Ларец разлетелся вдребезги, а белоснежная сорочка, вывалившись из него, едва не коснулась ног Софьи.
Софья вскрикнула и отступила.
— Боишься? — с насмешкой, но грозно спросил Великий князь. — А чего боишься? Это всего лишь ночная сорочка. Внука моего, Дмитрия. Ну–ка подними ее своими ручками, да разгляди, как следует, нет ли на ней чего интересного? Поднимай!
Софья сразу поняла, что случилось и, призвав все свое мужество, взяла себя в руки.
— Я — византийская царевна и Великая княгиня московская, а не служанка твоему внуку, чтобы возится с его сорочками! — гордо подняв голову, отчеканила она.
— Царевна? Княгиня? — яростно переспросил Иван Васильевич. — Нет! Ты уже никто. Ни–кто!! Поняла??
Он вернулся к двери и широко распахнул ее. Схватив испуганную Беренику за руку, он буквально зашвырнул ее в палату своей супруги.
В этот момент к палате приблизился отряд стражи, следом за которым семенил запыхавшийся Патрикеев.
— Все выполнено государь, — сказал он. — Княжич Василий в своей палате под стражей. — Он поднялся на цыпочки и прошептал на ухо Ивану Васильевичу, — Только что сообщили — Гусева взяли….
— А ты громко, громко, вслух доложи, — оттолкнул его Великий князь. — Тут все свои!
— Я говорю…. это… — слегка смутившись, начал Патрикеев, но вдруг его лицо налилось кровью, и он громко и отчетливо доложил, глядя, однако, не на Ивана Васильевича, а на Софью.
— Согласно твоей воле государь и воле Господа нашего, только что схвачен изменник Владимир Гусев со всеми его товарищами, такими же заговорщиками!

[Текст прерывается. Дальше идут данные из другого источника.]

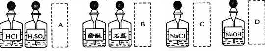 實(shí)驗(yàn)室中的藥品常按物質(zhì)的性質(zhì)、類別等有規(guī)律地?cái)[放。現(xiàn)有部分藥品按某種規(guī)律擺放在實(shí)驗(yàn)桌上,如下圖。做“硫酸的性質(zhì)”的實(shí)驗(yàn)時(shí),某同學(xué)取用BaCl2溶液后,應(yīng)把它放回的位置是 ( )![]()

— Ты слышала эту новость Софья? — язвительно спросил Великий князь. — А я тебе еще одну скажу, которой ты не знаешь. В городке Вологде убиты восемь молодых заговорщиков, пытавшихся захватить мою казну и с ее помощью свергнуть меня с престола! Но — не получилось! Слышишь Софья — НЕ ПОЛУЧИЛОСЬ! Ты поняла???
Тут великий князь внезапно схватил Софью, за плечи, будто хотел поцеловать, а на самом деле, прильнув губами к ее уху, зашептал:
— Сжить со свету Дмитрия–внука хотела? А потом и меня, чтоб самой править? Ну, погоди — вот начнем сейчас пытать этого Гусева и всех, кто с ним был, и берегись Софья! Пусть хоть один покажет, что от тебя ниточка шла — тут же в монастырь пойдешь до конца дней своих, пока не сгниешь там — вот тебе на то мое слово!
Он резко оттолкнул Софью и, выходя, распорядился, указывая на Беренику.
— Только она одна может входить сюда и выходить отсюда — но каждый раз обыскивайте ее — чтоб ничего кроме еды и ночных горшков не переносила!
Он вышел, громко хлопнув массивной дверью.
Только сейчас Софья испугалась.
Она рухнула на колени перед иконостасом и стала молиться за то, чтоб у Гусева и других хватило сил выдержать все пытки и не выдать ее…
Никогда еще нить судьбы Софьи не была так тонка, как сейчас…
… Когда в дом Владимира Гусева одновременно со всех сторон ворвались стражники, князь Иван Палецкий находился в погребе.
Он спустился туда ровно минуту назад, по просьбе хозяина, чтобы принести несколько бутылок французского вина, которое Гусев покупал за большие деньги у впервые приезжающих в Москву иноземцев. Соблазнившись высокой ценой, они охотно уступали пару бутылок привезенных из Европы для личного пользования …
Князь Иван как раз потянулся к полке, чтобы взять одну из лежащих там рядами бутылок, как вдруг услышал наверху в доме какую–то возню, крики и звон оружия.
Палецкий, похолодев и забыв о бутылке, на цыпочках вернулся к лестнице, поднялся и осторожно приоткрыл крышку погреба. В подклети где находилась лестница в погреб, никого не было, но из комнаты доносились громкие команды, которые не оставляли сомнений в том, что там происходит.
— Хватай изменника!
— Вяжи того, что у двери, да покрепче, чтоб не сбежал!
— Гусев, брось саблю, сопротивление бесполезно нас тут три десятка и посланы мы по личному приказу великого князя…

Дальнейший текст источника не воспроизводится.